- Born: October 21, 1968 (age 57) Denver, Colorado
- Education: Thomas Jefferson High School (Denver)
- Alma mater: University of Colorado at Boulder
- Occupation: CEO
- Board member of: LIFE Properties International, Carmel Classic Foundation
- Spouse: Kirsten Handler

= Brent Handler =

American businessperson

Brent Handler (born October 21, 1968) is an American entrepreneur recognized for his contributions to the luxury travel and real estate industries. He is the co-founder and former CEO of Inspirato, a luxury travel subscription company listed on NASDAQ under the ticker symbol ISPO. In 2002, Handler co-founded Exclusive Resorts with his brother Brad, serving as president until 2009. Under their leadership, the company grew to over 3,250 members and nearly 400 residences worldwide.

In 2010, Handler co-founded Inspirato, aiming to provide luxury travel experiences without the substantial upfront costs typical of traditional destination clubs. The company has since become a significant player in the industry, offering curated vacation options to its members.

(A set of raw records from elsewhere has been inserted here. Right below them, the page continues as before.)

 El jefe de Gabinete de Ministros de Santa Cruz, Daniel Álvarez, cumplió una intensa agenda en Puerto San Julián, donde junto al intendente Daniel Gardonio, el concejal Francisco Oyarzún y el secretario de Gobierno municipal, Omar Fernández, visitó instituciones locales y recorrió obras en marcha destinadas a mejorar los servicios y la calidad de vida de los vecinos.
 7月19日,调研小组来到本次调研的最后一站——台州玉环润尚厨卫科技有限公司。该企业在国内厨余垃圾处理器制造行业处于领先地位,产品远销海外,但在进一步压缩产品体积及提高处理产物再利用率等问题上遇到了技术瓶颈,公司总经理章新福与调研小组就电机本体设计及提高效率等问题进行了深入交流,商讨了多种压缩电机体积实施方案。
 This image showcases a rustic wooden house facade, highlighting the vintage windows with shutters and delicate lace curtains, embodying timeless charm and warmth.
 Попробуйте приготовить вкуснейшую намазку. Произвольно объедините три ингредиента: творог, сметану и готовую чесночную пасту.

Handler is also involved in philanthropic efforts. These efforts focus on education, youth development, and community engagement.

== Personal life ==
Handler was born on October 21, 1968, in Denver, Colorado, the son of Suzanne and Norton Handler. Norton Handler owned a series of clothing manufacturers and shared his passion for entrepreneurism and real estate with both Brent and his older brother, Brad, during their early years. Handler attended Thomas Jefferson High School (Denver), where he played tennis and basketball, and graduated in 1987. He earned his undergraduate business degree from the University of Colorado at Boulder in 1991.

In 1995, Handler married Kirsten Sweetman. They have three children.

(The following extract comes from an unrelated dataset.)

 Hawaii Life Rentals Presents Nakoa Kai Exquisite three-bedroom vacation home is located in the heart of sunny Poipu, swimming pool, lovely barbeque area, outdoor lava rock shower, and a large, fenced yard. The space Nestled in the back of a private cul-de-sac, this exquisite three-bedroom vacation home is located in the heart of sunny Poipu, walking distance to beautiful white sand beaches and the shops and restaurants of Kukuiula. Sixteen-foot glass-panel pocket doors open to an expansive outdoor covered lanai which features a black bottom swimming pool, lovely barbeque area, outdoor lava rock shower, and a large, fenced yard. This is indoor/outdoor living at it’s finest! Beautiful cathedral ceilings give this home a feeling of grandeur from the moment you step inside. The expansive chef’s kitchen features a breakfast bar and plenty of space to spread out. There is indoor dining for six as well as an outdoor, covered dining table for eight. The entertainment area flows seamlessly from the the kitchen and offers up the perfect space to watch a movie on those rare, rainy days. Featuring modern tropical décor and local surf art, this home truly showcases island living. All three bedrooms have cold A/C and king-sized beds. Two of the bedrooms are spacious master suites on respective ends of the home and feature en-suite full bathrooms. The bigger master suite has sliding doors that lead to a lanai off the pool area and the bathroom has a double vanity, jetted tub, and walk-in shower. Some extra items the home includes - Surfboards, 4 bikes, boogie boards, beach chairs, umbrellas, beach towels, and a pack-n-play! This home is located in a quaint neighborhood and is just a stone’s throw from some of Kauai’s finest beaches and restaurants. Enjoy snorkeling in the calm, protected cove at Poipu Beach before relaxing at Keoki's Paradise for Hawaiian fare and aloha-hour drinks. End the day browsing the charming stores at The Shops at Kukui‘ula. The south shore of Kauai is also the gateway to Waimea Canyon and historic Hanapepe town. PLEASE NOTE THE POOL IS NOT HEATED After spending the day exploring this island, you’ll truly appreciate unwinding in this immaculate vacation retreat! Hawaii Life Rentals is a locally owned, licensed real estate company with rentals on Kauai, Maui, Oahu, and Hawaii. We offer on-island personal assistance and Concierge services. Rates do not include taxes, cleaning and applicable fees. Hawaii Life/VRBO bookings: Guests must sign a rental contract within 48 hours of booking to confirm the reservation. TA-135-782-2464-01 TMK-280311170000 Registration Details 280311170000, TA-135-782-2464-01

Brother, Brad Handler, went on to become the first in-house attorney at eBay and later joined Brent as a partner in his entrepreneurial pursuits.

===Exclusive Resorts===

In 2002, along with his brother Brad and a friend, Brent Handler co-founded destination club Exclusive Resorts. He was the company's president from 2002 through 2009, a period of great innovation and growth that led to Exclusive Resorts becoming the recognized industry leader.
In 2004, the Handlers sold majority ownership of Exclusive Resorts to businessman Steve Case. By the end of 2009, Exclusive Resorts claimed over 3,250 members, nearly 400 homes, and delivered nearly 100,000 completed vacations. In 2006, Handler was named a finalist for the Denver Business Journal's Entrepreneur of the Year award for his success building Exclusive Resorts.

===Inspirato===
In January 2011, along with his brother, Brad Handler, Martin Pucher and Brian Corbett, Brent Handler re-entered the destination club marketplace with the launch of the Denver-based destination club Inspirato. Brent Handler currently serves as the company's CEO. In a departure from the traditional destination club model, Inspirato rents rather than owns its homes, reducing the club's upfront costs and allowing for lower membership fees. Handler's innovative business model and past success in the destination club space led to significant interest from the venture capital community. The company raised $65 million from some of the world's top venture capital firms, including Kleiner Perkins Caufield & Byers and Institutional Venture Partners. Forbes magazine named Inspirato one of "America’s Most Promising Companies" in November 2011 and Robb Report included the club in its "Best of the Best 2012" list. On May 16, 2012, 16 months after opening, Inspirato announced it had acquired nearly 2,000 club members. In October 2012, Inspirato was recognized as a “Denver Gazelle” by the Denver Office of Economic Development for its successful track record of demonstrating innovation while raising significant investment capital in today's business environment. The company has also received attention for the success of its innovative philanthropic program, Inspired Giving. Since October 2012, the company has helped raise over $2 million for nonprofit organizations, schools and hospitals across the country, including March of Dimes and National Children's Cancer Society, by providing vacation homes for auction at fundraising events.

== Boards ==
Handler serves as an advisory board member of the Andre Agassi Foundation for Education.